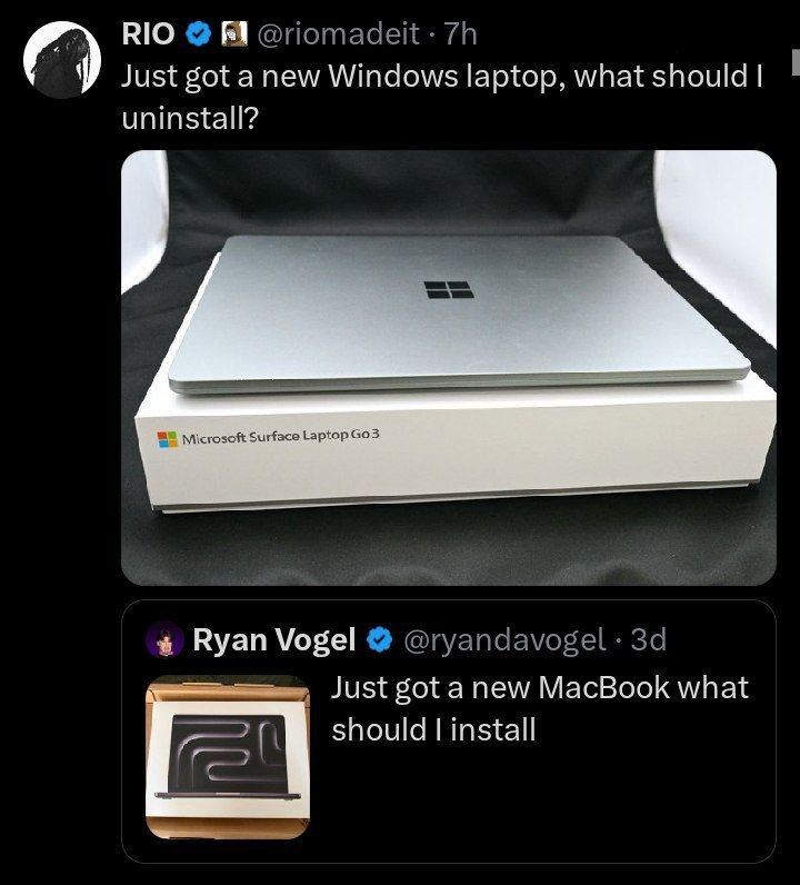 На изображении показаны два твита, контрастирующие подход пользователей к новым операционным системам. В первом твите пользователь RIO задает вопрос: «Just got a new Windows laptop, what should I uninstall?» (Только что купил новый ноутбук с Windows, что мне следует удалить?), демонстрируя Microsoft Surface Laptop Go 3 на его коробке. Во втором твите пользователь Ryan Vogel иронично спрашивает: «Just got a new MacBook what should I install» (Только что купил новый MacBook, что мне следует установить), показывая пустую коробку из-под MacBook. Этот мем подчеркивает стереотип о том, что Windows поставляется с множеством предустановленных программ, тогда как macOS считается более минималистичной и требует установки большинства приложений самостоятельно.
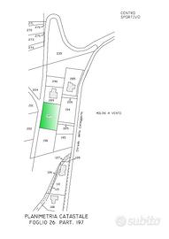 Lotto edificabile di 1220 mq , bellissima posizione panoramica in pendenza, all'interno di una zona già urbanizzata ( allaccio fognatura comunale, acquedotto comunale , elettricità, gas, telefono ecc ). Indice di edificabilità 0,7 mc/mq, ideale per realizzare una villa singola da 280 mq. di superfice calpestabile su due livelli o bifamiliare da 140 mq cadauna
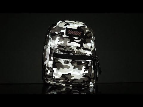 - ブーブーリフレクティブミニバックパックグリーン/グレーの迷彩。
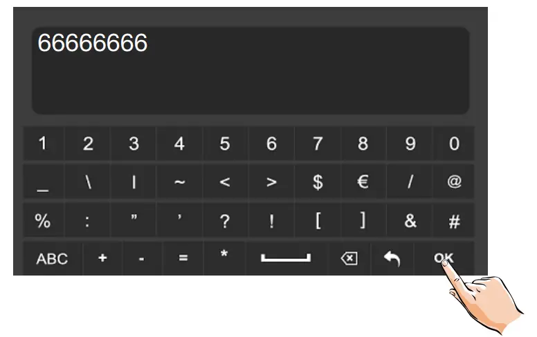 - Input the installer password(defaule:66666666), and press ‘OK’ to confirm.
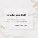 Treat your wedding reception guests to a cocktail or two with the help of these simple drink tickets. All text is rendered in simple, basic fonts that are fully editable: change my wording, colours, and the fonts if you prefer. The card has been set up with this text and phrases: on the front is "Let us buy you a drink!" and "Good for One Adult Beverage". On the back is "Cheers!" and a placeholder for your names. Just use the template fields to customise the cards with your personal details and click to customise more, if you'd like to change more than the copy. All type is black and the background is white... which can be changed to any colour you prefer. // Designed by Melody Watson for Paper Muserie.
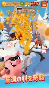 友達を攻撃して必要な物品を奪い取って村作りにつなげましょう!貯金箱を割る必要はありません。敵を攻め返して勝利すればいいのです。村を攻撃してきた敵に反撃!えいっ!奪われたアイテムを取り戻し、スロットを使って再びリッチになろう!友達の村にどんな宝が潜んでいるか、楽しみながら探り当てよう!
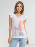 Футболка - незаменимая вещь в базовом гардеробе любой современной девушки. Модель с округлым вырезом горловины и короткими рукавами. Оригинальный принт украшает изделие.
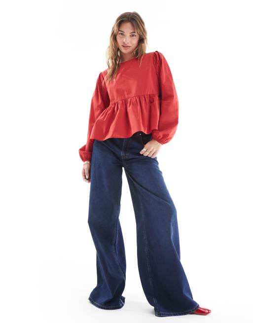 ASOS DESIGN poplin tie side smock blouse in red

What you have to do
Write out again exactly the lines above from the one with "- ブーブーリフレクティブミニバックパックグリーン/グレーの迷彩。" through the one with "- Input the", adding no other lines and no pictures.

Your response
 - ブーブーリフレクティブミニバックパックグリーン/グレーの迷彩。
 - Input the installer password(defaule:66666666), and press ‘OK’ to confirm.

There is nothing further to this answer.